Something else that catches my attention: there is some organization to the mess. Several trunks are flung open, their insides lined with clothing, and other items have been gathered into discreet piles. Shoes laid out with their partners, books and newspapers stacked along the wall, and most telling of all, the wardrobe that stands empty on the other side of the room, its innards removed, folded, catalogued, and ready to be packed into one of the trunks or suitcases that surround the end of the bed like an archipelago.
And there, in the middle of the bed, sits Marta herself, ma
rooned in an ocean of stockings and shawls and tangled scarves edged with beaded fringe. She looks remarkably altered from the last time I saw her. Wearing a plain dressing gown, her hair flattened from sleep and trailing over her shoulders, there is little of the entrepreneur about her now. And when she opens her mouth, the fullness of her Manchester roots dances off the tip of her tongue.
"Christ, you look like a corpse." Another yawn and I'm gifted with a view of every single tooth in her arsenal. "And I can’t say that’s a dress one should go about in while making their round of morning calls." She looks me up and down a second time, eyes blinking as her attention settles on my face. "Where were you last night?"
"I paid a visit to Lord Ryall."
"Oh, right. Right." She waves a hand, ready to dismiss me as her interest slides back to the task before her. But I watch as the corners of her mouth turn down, in fact her entire face seems to drift towards her chest as she gives my soiled dress, my untidy hair and exhausted features a more careful scrutiny. "Am I to assume you’ve only just departed from his home?"
"You may assume what you like," I tell her, my voice steady, despite the tiredness that has now infected my hands and feet with a peculiar numbness. "However, the truth of the matter is far less scandalous, at least as far as your imaginings will venture."

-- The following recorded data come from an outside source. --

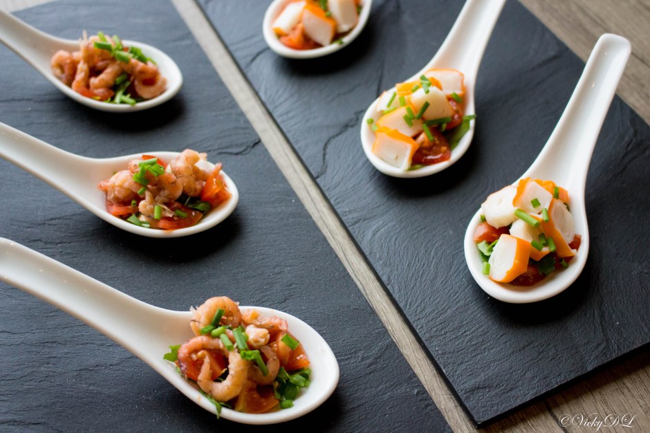 Geef je binnenkort een diner maar weet je nog niet welk hapje je gaat klaarmaken? Wat dacht je van deze lepelhapjes van garnalen en surimi? Je hebt er weinig werk aan en het scoort altijd bij je gasten!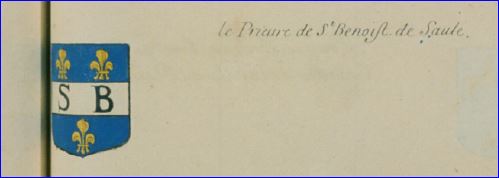 D'azur à la fasce d'argent chargée des lettres capitales S et B de sable, accompagnée de trois fleurs de lis d'or.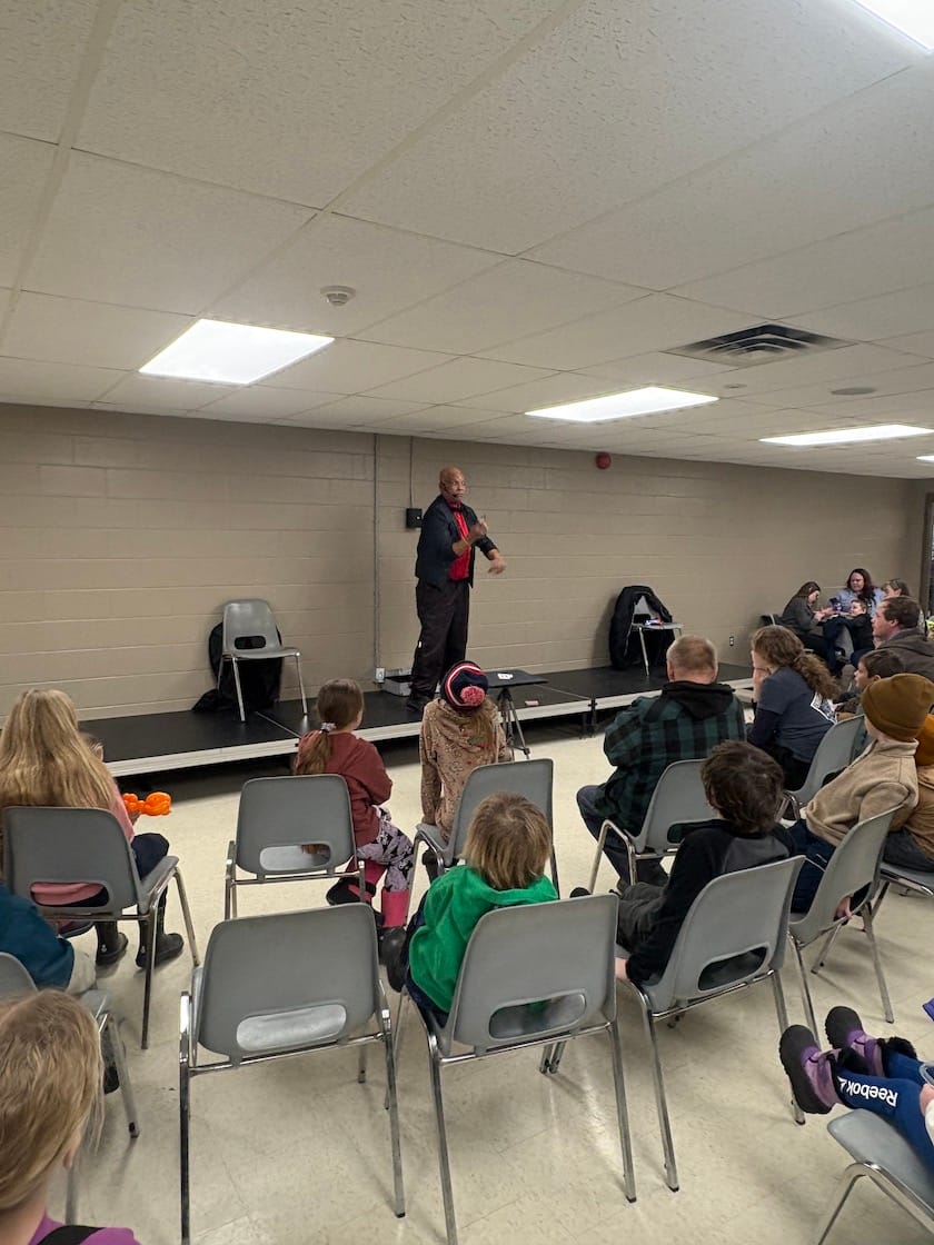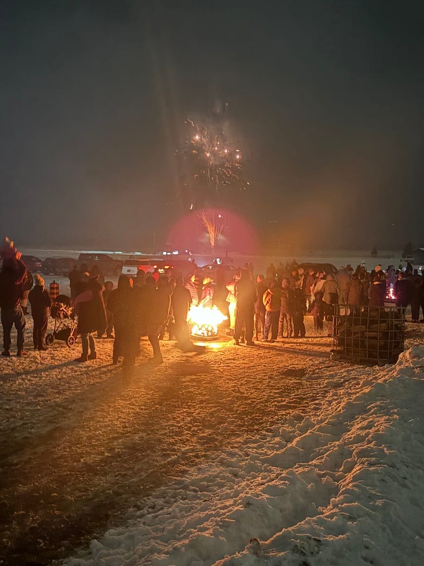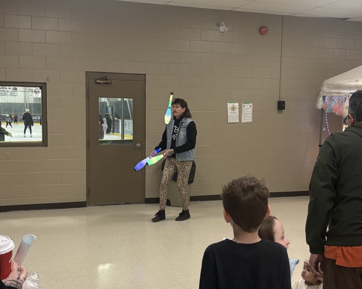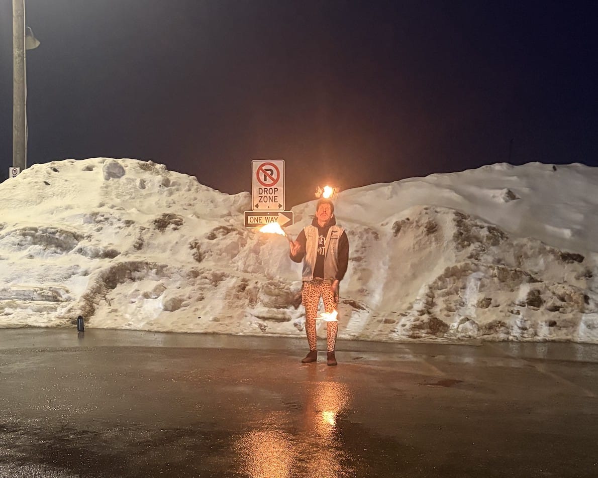 Bringing the heat – The Town of Minto, in partnership with Minto Fire, hosted its annual Fire and Ice event on Feb. 16 at the Palmerston and District Community Centre Complex. Originally planned for New Year’s Eve, the event was rescheduled due to poor weather conditions. PHOTO 1: A big fire pit kept guests warm during the cold night while fireworks exploded in the sky. PHOTO 2: Fire performer Steve Goodtime showed off his skills by juggling fire. PHOTO 3: Goodtime performing for Fire and Ice guests. PHOTO 4: The Magic Man pulling out all the tricks to entertain the crowd. Submitted photos.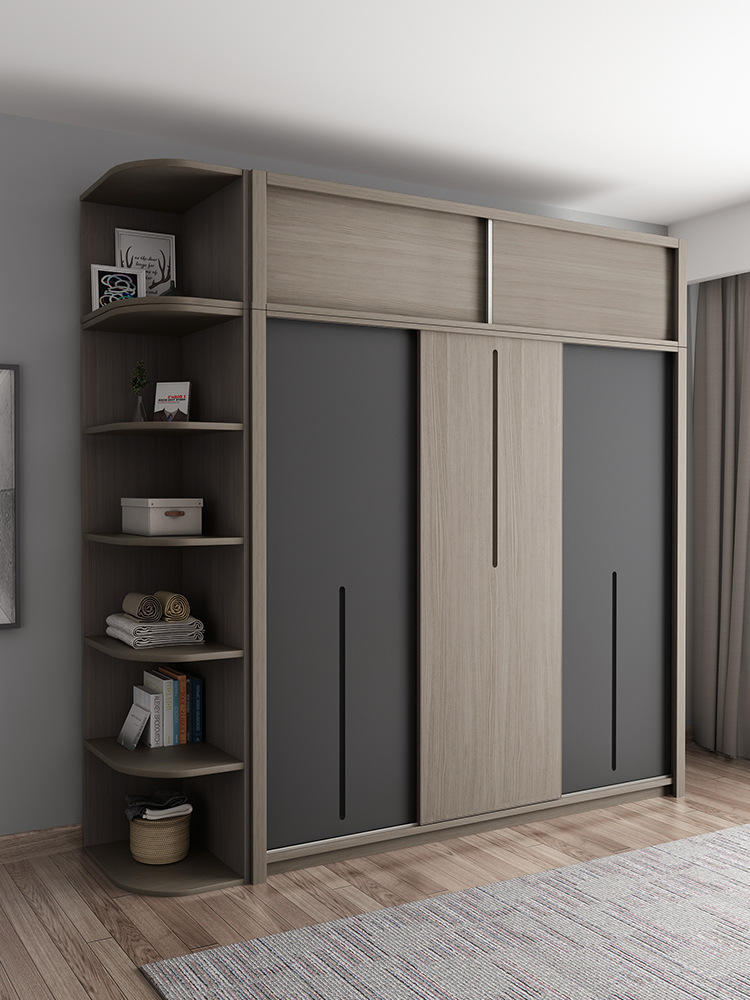 北欧简约卧室小户型推拉门衣柜家用胡桃木组装滑门大衣橱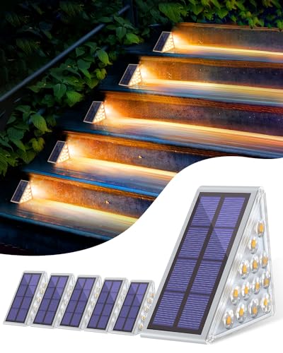 Bellanny 6 Pièces Lampe Solaire Exterieur, Lampes Solaires D'escalier D'extérieur Blanc Chaud, IP65 Étanches Eclairage de Marche à LED Lampe Solaire pour Jardin, Patio, Garage, Marche, Escaliers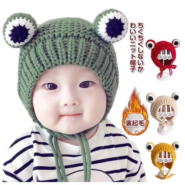 女の子 スキー カエル ニット帽子 ニット帽 春 可愛い 男の子 子供 ベビー 裏起毛 キッズ 保育園 耳付き お出かけ 寒さ対策 ギフト プレゼント 赤ちゃん 子ども こども 冬 秋 帽子 44-50cm 可愛い 韓国 幼稚園 薄手

Her mouth tightens at this, but instead of making any further inquiry, she settles back onto her mound of cushions and pillows as she fingers the collar of her dressing gown. "You going to give me a proper greeting, or are you going to frighten away the rest of the morning with that bloody frown of yours?"
I rearrange my features for her benefit, enough so she won't notice the way I lean upon the door, the way the hem of my skirt marks the shaking of my legs. "I would have sent a note, but I thought it better to catch you unawares."
"Mmmph." She picks up a handkerchief, vibrant yellow silk, and folds it into a neat square. "Too much about you is enough to catch me unawares." She dabs her fingers at the puddle of sweat gathered at the base of her throat and dries them on the edge of her nightdress.